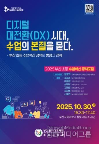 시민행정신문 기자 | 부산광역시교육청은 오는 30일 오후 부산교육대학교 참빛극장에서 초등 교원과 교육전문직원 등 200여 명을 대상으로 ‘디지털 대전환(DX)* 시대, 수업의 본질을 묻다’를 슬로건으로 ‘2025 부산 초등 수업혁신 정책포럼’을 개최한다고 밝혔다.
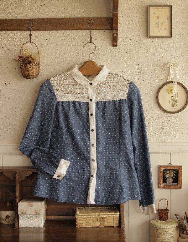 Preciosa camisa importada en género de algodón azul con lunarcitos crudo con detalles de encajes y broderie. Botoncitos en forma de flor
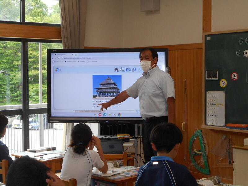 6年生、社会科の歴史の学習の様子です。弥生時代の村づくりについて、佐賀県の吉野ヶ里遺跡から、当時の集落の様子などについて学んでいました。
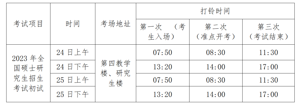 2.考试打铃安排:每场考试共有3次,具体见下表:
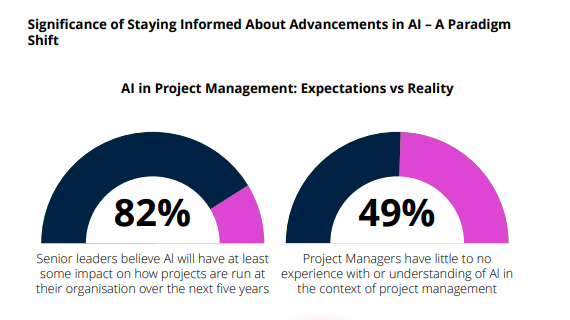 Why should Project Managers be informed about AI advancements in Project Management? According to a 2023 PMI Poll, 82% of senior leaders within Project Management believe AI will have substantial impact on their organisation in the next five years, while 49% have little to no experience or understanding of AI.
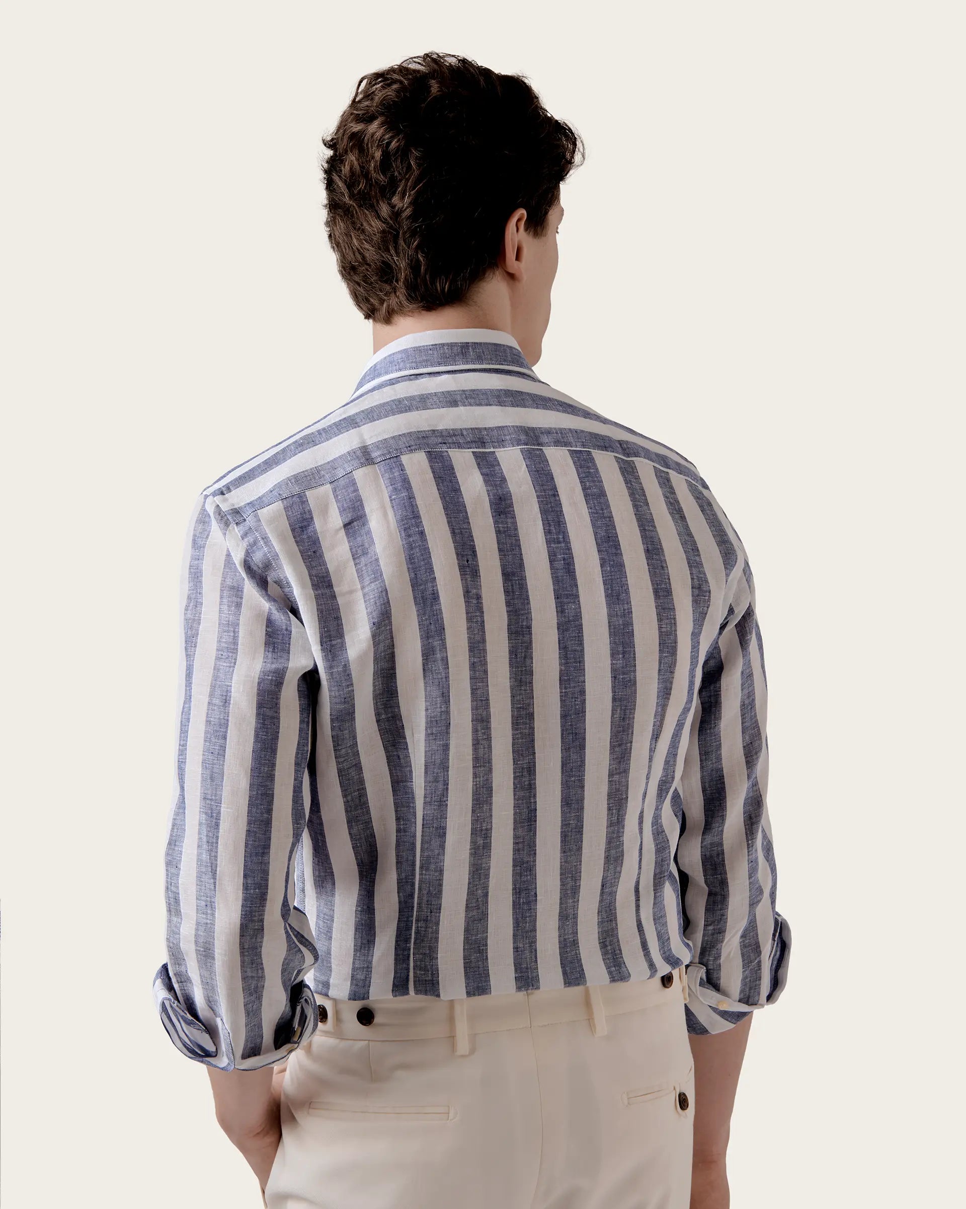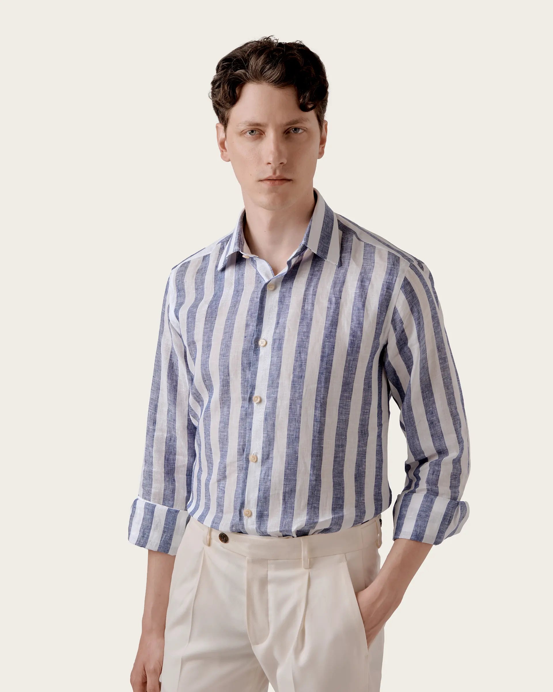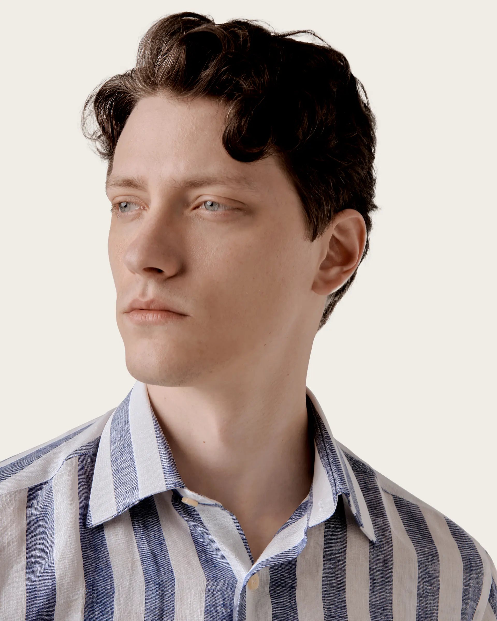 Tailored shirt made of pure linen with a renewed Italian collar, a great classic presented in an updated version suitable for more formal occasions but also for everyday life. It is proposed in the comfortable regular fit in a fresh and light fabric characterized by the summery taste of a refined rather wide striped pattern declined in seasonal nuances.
━━━━━━━━━━━━━━━━━━━━
In the copy, include each entry exactly as written and none of the pictures.

 시민행정신문 기자 | 부산광역시교육청은 오는 30일 오후 부산교육대학교 참빛극장에서 초등 교원과 교육전문직원 등 200여 명을 대상으로 ‘디지털 대전환(DX)* 시대, 수업의 본질을 묻다’를 슬로건으로 ‘2025 부산 초등 수업혁신 정책포럼’을 개최한다고 밝혔다.
 Preciosa camisa importada en género de algodón azul con lunarcitos crudo con detalles de encajes y broderie. Botoncitos en forma de flor
 6年生、社会科の歴史の学習の様子です。弥生時代の村づくりについて、佐賀県の吉野ヶ里遺跡から、当時の集落の様子などについて学んでいました。
 2.考试打铃安排:每场考试共有3次,具体见下表:
 Why should Project Managers be informed about AI advancements in Project Management? According to a 2023 PMI Poll, 82% of senior leaders within Project Management believe AI will have substantial impact on their organisation in the next five years, while 49% have little to no experience or understanding of AI.
 Tailored shirt made of pure linen with a renewed Italian collar, a great classic presented in an updated version suitable for more formal occasions but also for everyday life. It is proposed in the comfortable regular fit in a fresh and light fabric characterized by the summery taste of a refined rather wide striped pattern declined in seasonal nuances.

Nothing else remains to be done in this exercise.